見舞いに行くと、まず、背中から肩にかけてゆっくりとさするのが日課になりました。じつはこれ、祐香を寝かしつけるときのワザです。それをいうと顔をゆるめ、素直に喜んでくれるのでした。またもや孫パワー恐るべし!

このころから痰がたまってもなかなか自分でゴホッと出すことができず、吸引してもらうようになりました。これを苦しがり、ずいぶん看護婦さんをてこずらせたようです。

目の前でこの様子を見ると無理もないことです。ビニール管を喉の奥に突っ込まれ、掃除機をかけるようにかき回しながらの吸引ですから、普通の人なら平気でいられるはずがありません。でも抵抗が続けばのどに穴開け、管を通して吸引するしかないと聞かされ、本人も理解しているようでした。

「分かるんだけど、突っ込まれると、苦しいもんだから、手が動いちゃうんだ。仕方がないんだ」と、うっすら涙をためて訴えます。

僕がいる限りは、吸引時、父の両手をしっかりと押さえるようにしました。たしかに苦しそうですし、かなりの抵抗です。でも力ずくで押さえ込むしかありません。心を鬼にするっていうのはこういうことか、と思いながらの格闘です。

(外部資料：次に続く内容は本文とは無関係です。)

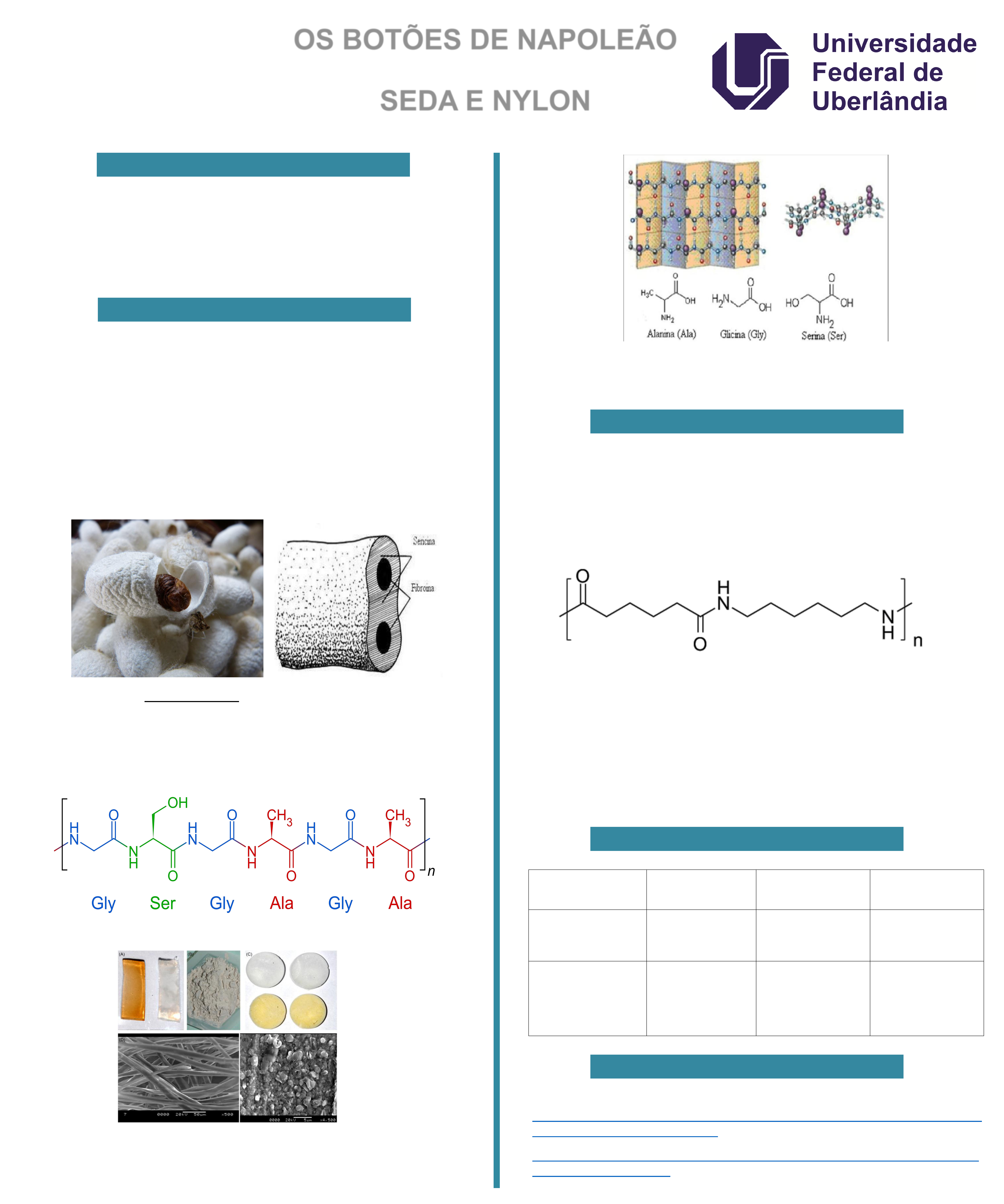 * * OS BOTÕES DE NAPOLEÃO SEDA E NYLON A seda e o nylon partilham uma herança comum. Trata-se de mais que uma mera estrutura química comparável e uma notável adequabilidade para uso em meias e paraquedas. Os dois polímeros contribuíram — cada um à sua maneira — para a enorme prosperidade econômica de seus tempos. Seda é uma fibra proteica obtida a partir dos casulos do bicho-da-seda, por um processo designado de sericicultura. A fibra de seda natural é um filamento contínuo da proteína, produzido pelas lagartas de certos tipos de mariposas, sendo uma das matérias-primas mais caras. As lagartas expelem através das glândulas o líquido da seda (a fibroína) envolvido por uma goma (a sericina) que se solidificam imediatamente quando em contato com o ar. A fibroína é biodegradável, termicamente estável, altamente cristalina, flexível, resistente à tração, além de insolúvel em água e na maioria dos solventes inorgânicos. O nylon, cuja base não é a celulose, é um polímero obtido a partir da poliamida 6, cujas excelentes propriedades mecânicas, elétricas e térmicas permitem as mais variadas aplicações, nos mais diversos ramos da indústria mecânica, elétrica e químicas. O elo amida no nylon, da mesma maneira que na seda, é formado pela eliminação de uma molécula de água entre as extremidades das duas moléculas, do átomo H de NH2 e do OH de COOH. A ligação amida resultante, mostrada como -CO-NH- (ou, em ordem inversa, como -NHCO-) une as duas diferentes moléculas. https://crispassinato.files.wordpress.com/2016/03/osbotoesdenapoleao-140222075916-phpapp02.pdf http://repositorio.unicamp.br/jspui/bitstream/REPOSIP/266056/1/Bergamasco_DaivesArakem_M.pdf Autores: Luciana, Lucas, Vitor Disciplina: Química Orgânica Professora/Orientadora: Amanda Danuello FIGURA 2 – Estrutura Primaria da Fibroína. (NOGUEIRA, 2005). FIGURA 3 – Biomateriais fabricados a partir da fibroína da seda: (A) hidrogéis; (B) pó liofilizado; (C) andaimes poderosos 3D; (D) tapete de seda nativa; (E) micropartículas de seda. Figura 1 – Bombys Mori L., o bicho-da-seda em casulo e filamento de seda. Introdução Seda e Fibroína Nylon FIGURA 5 – Estrutura do Nylon 6,6. Comparativos Referências FIGURA 4 – Estruturas folha-β da fibroina e dos principais aminoácidos que a compõem (Nelson e Cox, 2000).

ところがそのうち、吸引となると父のほうから僕の手を求め、満身の力を込めてしっかり握るようになりました。

でも、それとてたまたま僕が居合わせるときだけのことです。

点滴の管も外してしまうらしく、何回も説明し、そのときにはわかったというのですが、なかなか続きません。たしかに父にすれば、求めているのは納得のいく説明ではなく不快感の除去なのですが…。

先生の方から、安全確保のため両手を縛る許可を求められました。状況からしてほかに方法はなさそうです。

その日以来、せっつかれるように病院へ向かい、最初にすることは布団をはぎ、縛られている手を外してやることでした。手が自由になるやいなや、顔をぬぐったり鼻を掻いたり胸をさすったりすることがしばしばでした。やむをえないのですが、かける言葉が見つからないつらい光景です。